## What you have to do
The reply should hold only the lines from the one with "En casa nos" to the one with "Sovyetler Birliği döneminde", both ends kept, exactly as they appear below, without any pictures.

Provided information section start

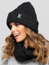Молодежная двойная шапка с отворотом. В пряжу добавлен люрекс. Украшена фирменной шильдой.
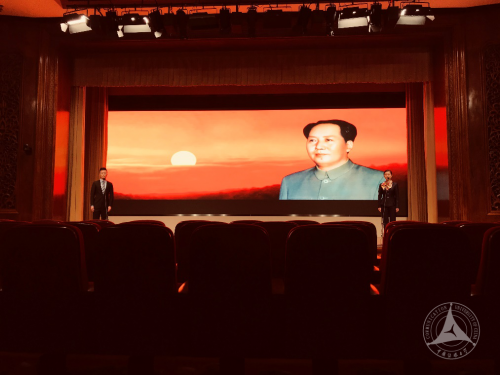 在瞻仰完主席的遗容后,在工作人员的引领下,党员同志们来到了纪念堂的二楼,进入了影片播放厅,毛主席纪念堂宣传教育处副处长李琳琳向同学们生动的介绍了毛主席纪念堂的建成历史和概况,并邀请了两位工作人员为党员同志进行一次 “两学一做”的主题宣讲。纪念堂的两位工作人员声情并茂地讲述了毛主席光辉灿烂的一生,影片《思念的河》以身旁的工作人员视角,回忆了毛主席生前几个不为人知的细节,如手不释卷到生命最后一刻、衣柜中始终珍藏着几件毛岸英的遗物等。改变中国的伟人,酷爱读书的诗人、痛失爱子的慈父,主席身上兼具的这三种形象让在场的党员同志备受震撼,掌声雷动、经久不息。新闻学院研究生专业硕士党支部党员赵亮在看完影像之后心情久久不能平静:“当我听到工作人员整理毛主席的物品时发现毛主席的衣柜底下整整齐齐地摆放着毛岸英生前的衣物。我们无法想象每当毛主席工作到深夜的时候,对自己的儿子是怎样的一种思念,这样的故事感人至深。毛主席是伟大的,但他为了革命事业的牺牲可能是我们永远无法感受到的。作为一名党员,我们应该牢记先辈们的革命精神,全力以赴地投入到新时代的伟大奋斗中去。从我做起,从现在做起。”
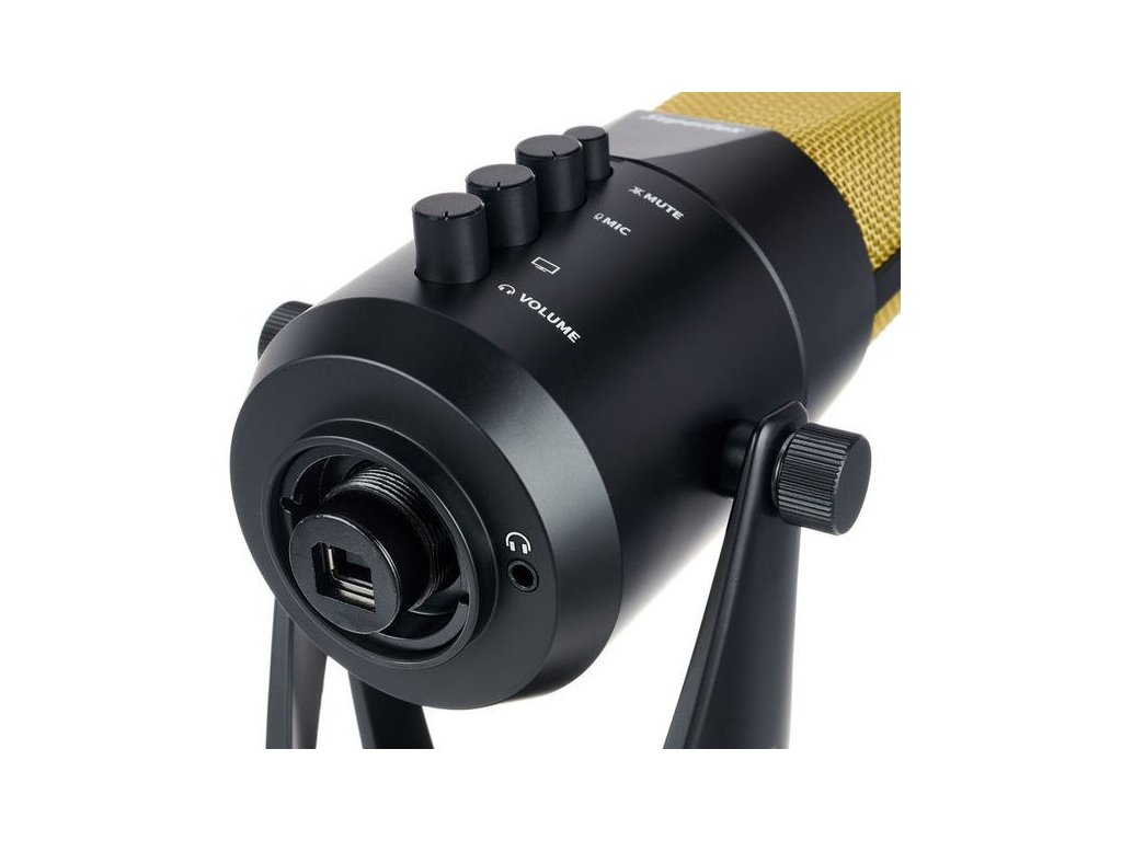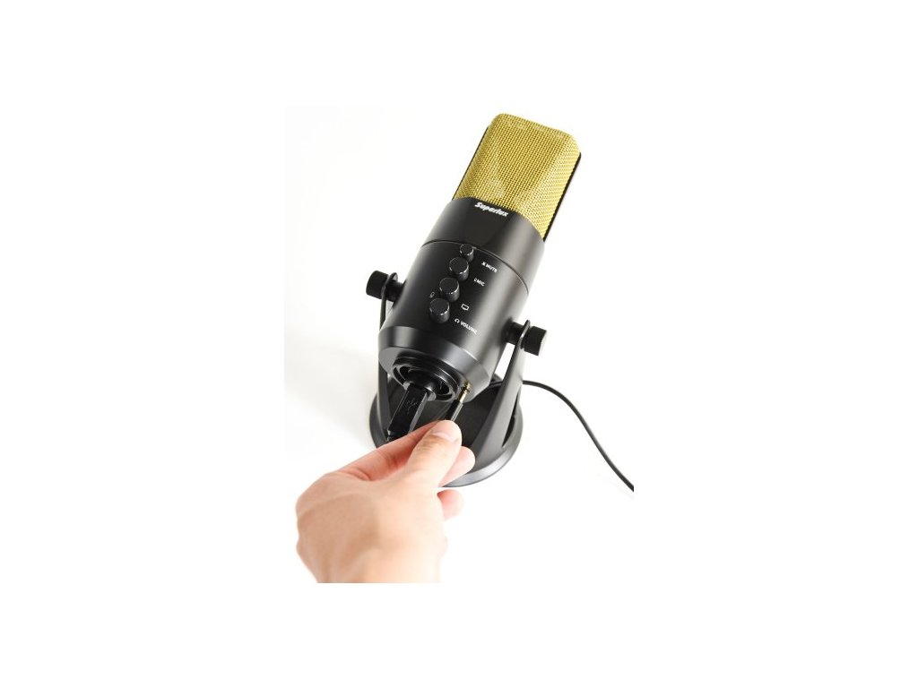 Mikrofon wielkomembranowy zawiera jednocalową kapsułę mikrofonową umieszczoną w solidnej plastikowej obudowie. Za pomocą przetwornika A/D można nagrywać nagrania bezpośrednio do oprogramowania DAW, a po podłączeniu słuchawek uzyskuje się maksymalną kontrolę w czasie rzeczywistym dzięki zerowej latencji. Sygnał wejściowy można regulować za pomocą trzech potencjometrów na przednim panelu sterowania. Korpus mikrofonu jest osadzony w regulowanym uchwycie, który umożliwia zmianę kąta przechwytywania sygnału dźwiękowego.
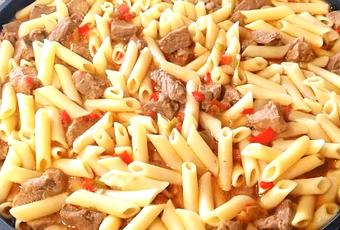 En casa nos encantan los guisos, tanto los que llevan patata como los que hacemos con pasta. Hago muy a menudo la ternera gallega guisada con patatas y Albariño y el estofado de ternera con caracolas. Este último es similar al de hoy, la diferencia está en que la pasta va cocida aparte y la mezclo con la carne al final.
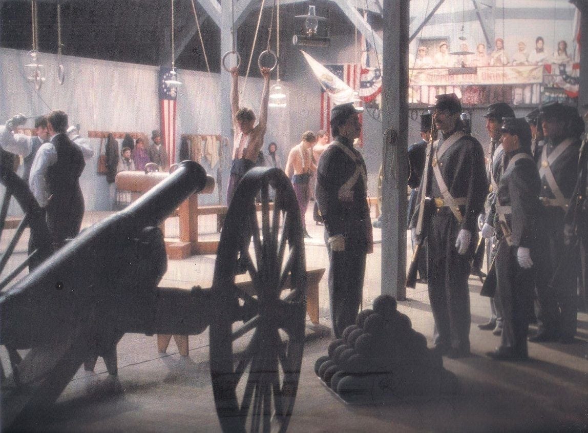 How many of you know that a scene depicting Robert Gould Shaw with the Seventh New York was filmed for the movie Glory, but was eventually cut? Here is a photograph of the unit working out in a New York armory in 1861. You can see Matthew Broderick standing at attention to the right of the cannon.
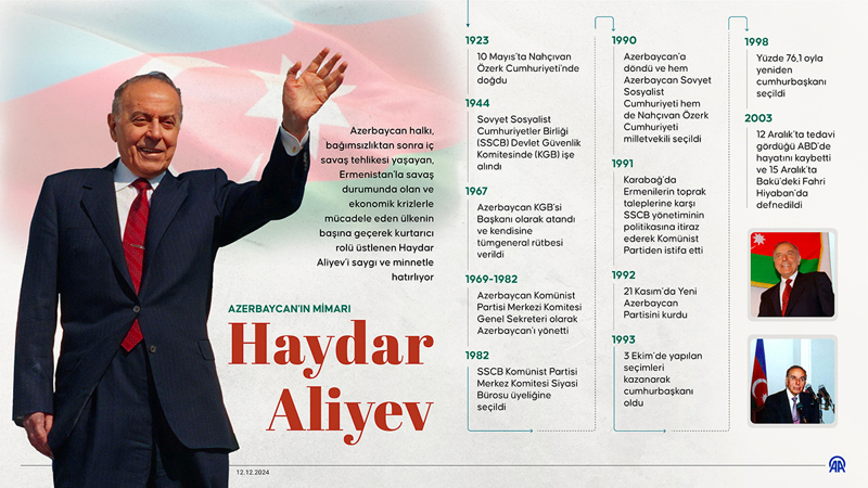 Sovyetler Birliği döneminde üst düzey görevlerde bulunan Haydar Aliyev, bağımsızlıktan sonra krizlerle mücadele eden Azerbaycan'ın başına geçerek kurtarıcı rolü üstlendi.
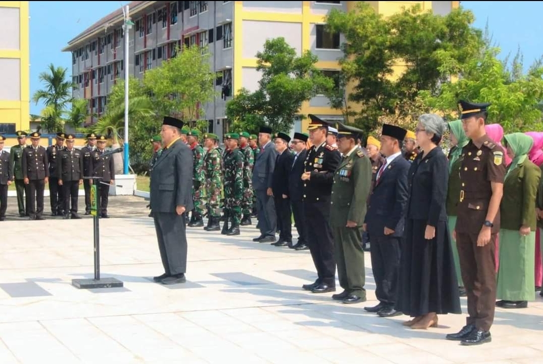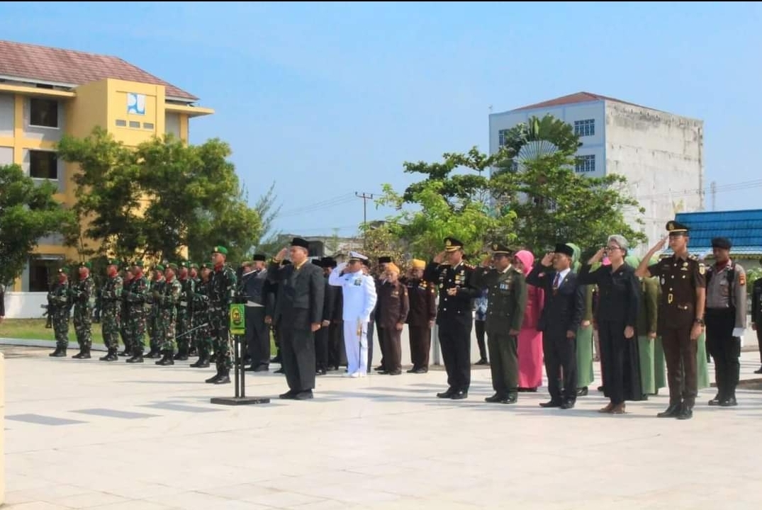 KILASRIAU.com - Dalam rangka memperingati Hari Pahlawan ke-78 Tahun 2023, Sekretaris Daerah (Sekda) Kabupaten Indragiri Hilir, Afrizal, bersama Forum Koordinasi Pimpinan Daerah (Forkopimda) mengikuti Upacara Ziarah Peringatan Hari Pahlawan ke-78 Tahun 2023 di Taman Makam Pahlawan Yudha Bhakti Tembilahan, Jumat, (10/11/2023).

Provided information section end

## Answer box
 En casa nos encantan los guisos, tanto los que llevan patata como los que hacemos con pasta. Hago muy a menudo la ternera gallega guisada con patatas y Albariño y el estofado de ternera con caracolas. Este último es similar al de hoy, la diferencia está en que la pasta va cocida aparte y la mezclo con la carne al final.
 How many of you know that a scene depicting Robert Gould Shaw with the Seventh New York was filmed for the movie Glory, but was eventually cut? Here is a photograph of the unit working out in a New York armory in 1861. You can see Matthew Broderick standing at attention to the right of the cannon.
 Sovyetler Birliği döneminde üst düzey görevlerde bulunan Haydar Aliyev, bağımsızlıktan sonra krizlerle mücadele eden Azerbaycan'ın başına geçerek kurtarıcı rolü üstlendi.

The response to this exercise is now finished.